START RAW DATA
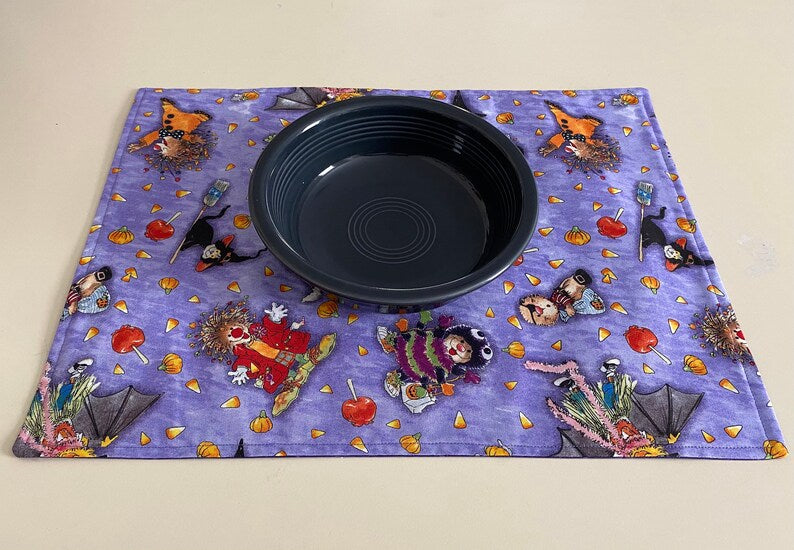Enjoy these playful Trick of Treat Halloween Set of 4 Placemats for celebrating the season at home on your table with your children or decorating for a Halloween party. These placemats are reversible so you can have two different themes. One side has different adoarable animal characters in Halloween costumes on a light purple with tossed candy apples and candy corn. The other side has light tiny purple bats on a dark purple background.
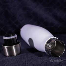 Borraccia Bottiglia termica per mantenere i liquidi caldi o freddi. In alluminio e acciaio bianchi con il logo rosso di Hoover. Nuovo mai usato.
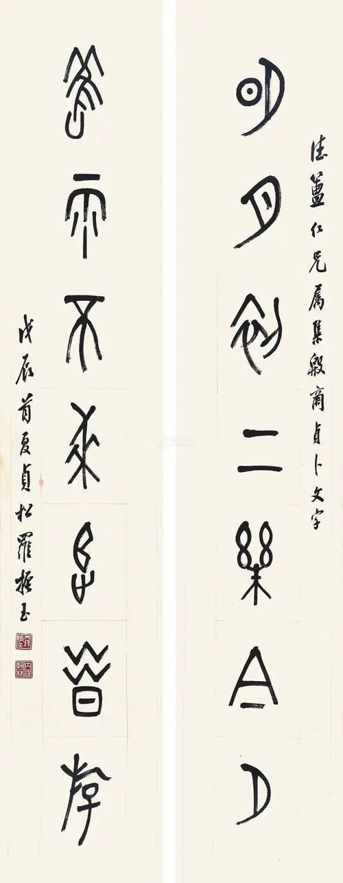 拍品名稱:羅振玉 甲骨文八言聯 立軸
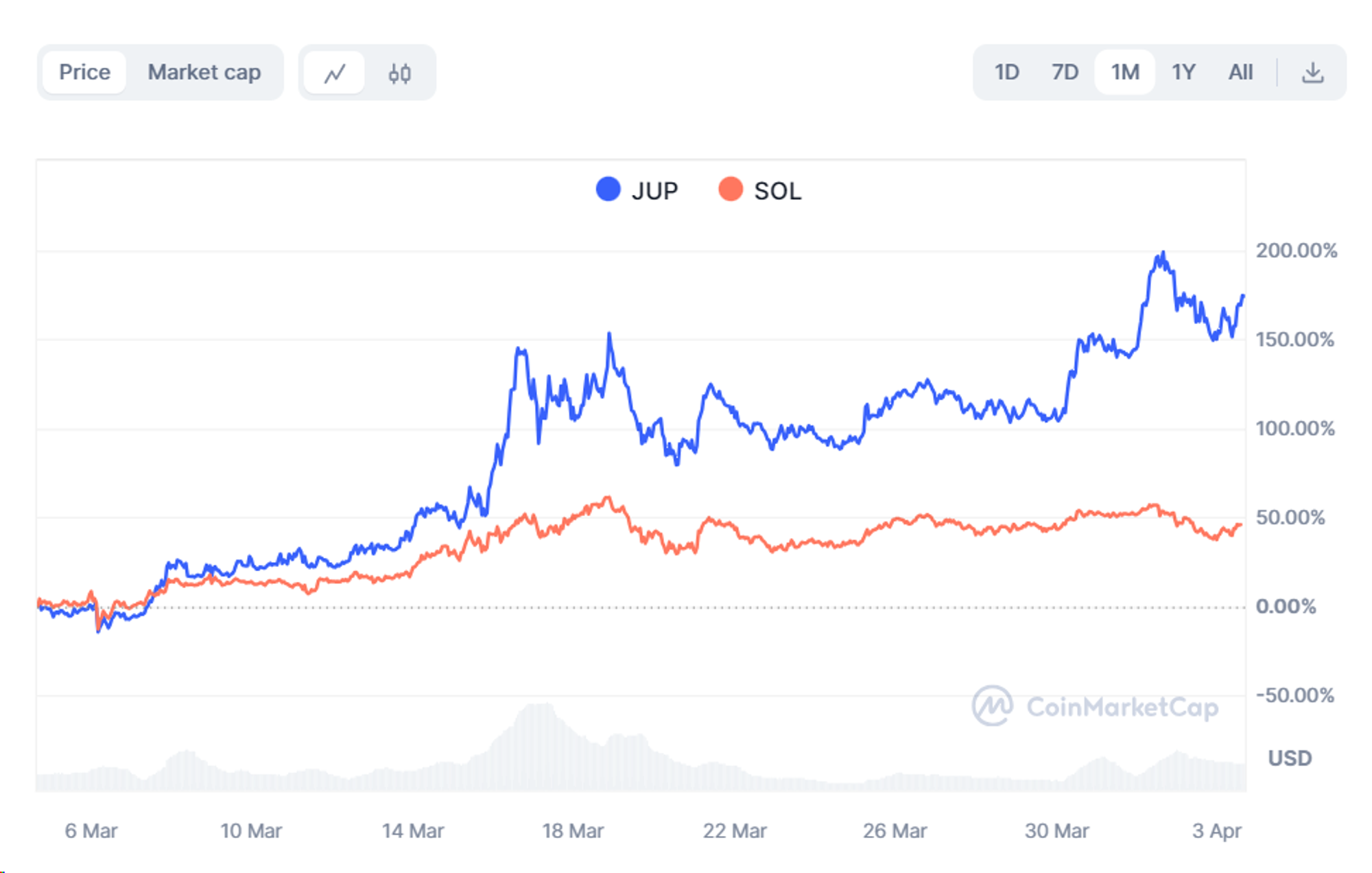 在这一阶段的代币表现上看,Jupiter 和 Solana 的价格增长基本同步,在最近一个月内,JUP 的上涨幅度超过 SOL,这也说明了 JUP 将成为 SOL 的杠杆性标的。
END RAW DATA
◆ **YOUR ASSIGNMENT**: Leaving the pictures aside, write out only the lines from the one containing "Borraccia Bottiglia termica" through the end of the material, exactly as they stand.

◆ **WRITTEN SOLUTION**:
 Borraccia Bottiglia termica per mantenere i liquidi caldi o freddi. In alluminio e acciaio bianchi con il logo rosso di Hoover. Nuovo mai usato.
 拍品名稱:羅振玉 甲骨文八言聯 立軸
 在这一阶段的代币表现上看,Jupiter 和 Solana 的价格增长基本同步,在最近一个月内,JUP 的上涨幅度超过 SOL,这也说明了 JUP 将成为 SOL 的杠杆性标的。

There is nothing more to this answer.